The Appellate Division held that although the trial court recognized that Baures had since been overruled by Bisbing, it had relied upon the intrastate relocation case, Schulze, which applied the now overturned Baures factors in its decision. The Appellate Division in A.J. v. R.J. clarified, "[b]ecause the science and anticipated outcomes undergirding the Baures factors have not borne out as the Court anticipated and no longer apply to interstate removals, they should not apply to the intra-state relocations discussed in Schulze." Instead, when a parent of primary residence seeks to relocate within New Jersey, and the parent of alternate residence opposes, he or she must establish that the move constitutes a change in circumstances affecting the best interests of the child. If the parent of alternate residence makes this prima facie, initial showing, then a trial court must apply the best interests standard outlined in Bisbing to determine whether the relocation should be permitted.

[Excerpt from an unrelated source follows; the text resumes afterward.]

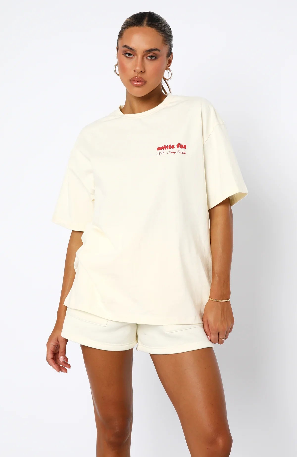 Time to level up your lounge! The Era 8 Oversized Tee Cherry Cream is an oversized fit with slouch shoulders, round neckline, and a puff print graphic side front. Match with the Era 8 Bike Shorts, Lounge Shorts or Sweatpants!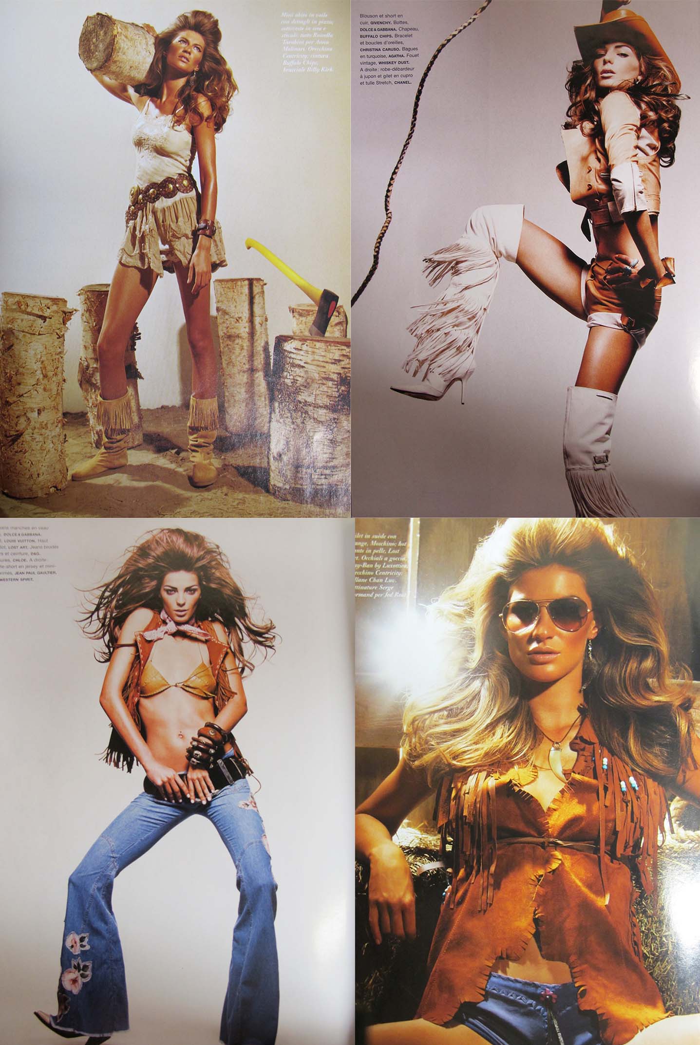 2011 Art Direction “Cow Girls” – インディアンスタイルとの融合 – Hollywoodで有数のワードローブのレンタル会社 “United American Costume”. 社長が西部劇の映画の主演で有名なJohn Wayneのスタイリストでした。 その影響で弊社には西部時代の衣装がたくさんストックされているので”Cow Girls”のテーマに合った衣装は勿論、アクセサリー等の小物が全て揃っていました。 レザー、アクセサリー、ダンガリーシャツ、デニムなど基本的なキーワードをベースに10種類のスタイリングを組み立てての撮影会となりました。 レザーをメインに重厚なスタイル、ダンガリーシャツとデニムのシンプルスタイルにアクセサリーで全体を整えるスタイルなどとCow Girlsをオシャレに現代版に蘇らせました。 1 2 3 4 5

While this decision codifies the best interests standard for both interstate and intrastate relocation, there remains a critical procedural distinction. Although, the Appellate Division in its decision in A.J. v. R.J. held that Bisbing—not Schulze—applies to intrastate relocation applications, the burden of proof remains, as in Schulze, on the parent of alternate residence to oppose the relocation. Pursuant to the holding in A.J. v. R.J., the parent of alternate residence bears the burden of showing the intrastate move constitutes a change in circumstances affecting the best interests of the child. In contrast, for an interstate move, Bisbing dictates that the parent of primary residence bears the burden of proving that the move is in the child's best interests.

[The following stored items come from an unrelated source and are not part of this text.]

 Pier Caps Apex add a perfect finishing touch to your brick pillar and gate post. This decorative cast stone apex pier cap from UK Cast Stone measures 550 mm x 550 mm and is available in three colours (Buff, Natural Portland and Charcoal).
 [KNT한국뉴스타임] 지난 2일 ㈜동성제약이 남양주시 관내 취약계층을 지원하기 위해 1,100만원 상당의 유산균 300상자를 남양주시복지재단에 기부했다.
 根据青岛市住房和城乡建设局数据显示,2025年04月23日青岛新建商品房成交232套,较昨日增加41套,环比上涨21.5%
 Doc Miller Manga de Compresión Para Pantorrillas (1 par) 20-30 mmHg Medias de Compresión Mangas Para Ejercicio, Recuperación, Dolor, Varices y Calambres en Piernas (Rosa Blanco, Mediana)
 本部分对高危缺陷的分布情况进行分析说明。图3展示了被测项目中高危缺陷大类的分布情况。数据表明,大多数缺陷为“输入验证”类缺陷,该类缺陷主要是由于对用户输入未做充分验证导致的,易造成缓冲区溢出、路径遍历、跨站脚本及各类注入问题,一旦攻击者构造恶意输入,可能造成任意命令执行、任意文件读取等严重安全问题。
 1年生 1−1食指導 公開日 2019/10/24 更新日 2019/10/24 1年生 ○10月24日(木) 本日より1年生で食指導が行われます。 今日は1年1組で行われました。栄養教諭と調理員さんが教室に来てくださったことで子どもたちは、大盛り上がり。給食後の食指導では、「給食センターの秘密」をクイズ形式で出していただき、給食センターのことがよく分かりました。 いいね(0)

Considering that both interstate and intrastate relocation cases are now assessed under the same best-interest standard, it is interesting that the burden still shifts, somewhat arbitrarily, depending on whether the move is within New Jersey or across the state line. Arguably, it is unreasonable that the burden shifts based solely on state lines, irrespective of distance. For example, where parent of primary residence wants to move from Jersey City to Manhattan, and does not have consent of the parent of alternate residence, it is his or her burden to show that the eight-mile move is in the best interests of the child. But, if that same parent of primary residence wanted to move from Bergen County to Monmouth County, a 60-mile move within the state of New Jersey, no court approval would be necessary, unless the parent of alternate residence objects, and then it becomes the parent of alternate residence's burden to show the move constitutes a change in circumstances affecting the best interests of the child. Is it reasonable that the burden should depend on state line versus distance? Whether fair or not, under the current relocation paradigm this is the procedure. Nevertheless, it's a fact-sensitive analysis dictated by the best interest of the child, regardless of which parent carries the initial burden.

In the film Marriage Story, as in real life, at the crux of the relocation dispute is spending time with the child. Generally, one parent is no less devoted than the other, but one parent's decision to relocate likely infringes on the other parent's parenting time and parental rights. It's a difficult decision and one the courts in New Jersey do not take lightly, even on intrastate relocation cases, as evidenced by the court's latest decision to apply the best-interest standard across the board to all relocation cases—regardless of which parent carries the burden, what is best for the child should always win the day.

Brian P. McCann is a partner with Callagy Law in Paramus. He is a Certified Matrimonial Law Attorney, a designation granted by the New Jersey Supreme Court. Kristen E. Marinaccio is an attorney with the firm.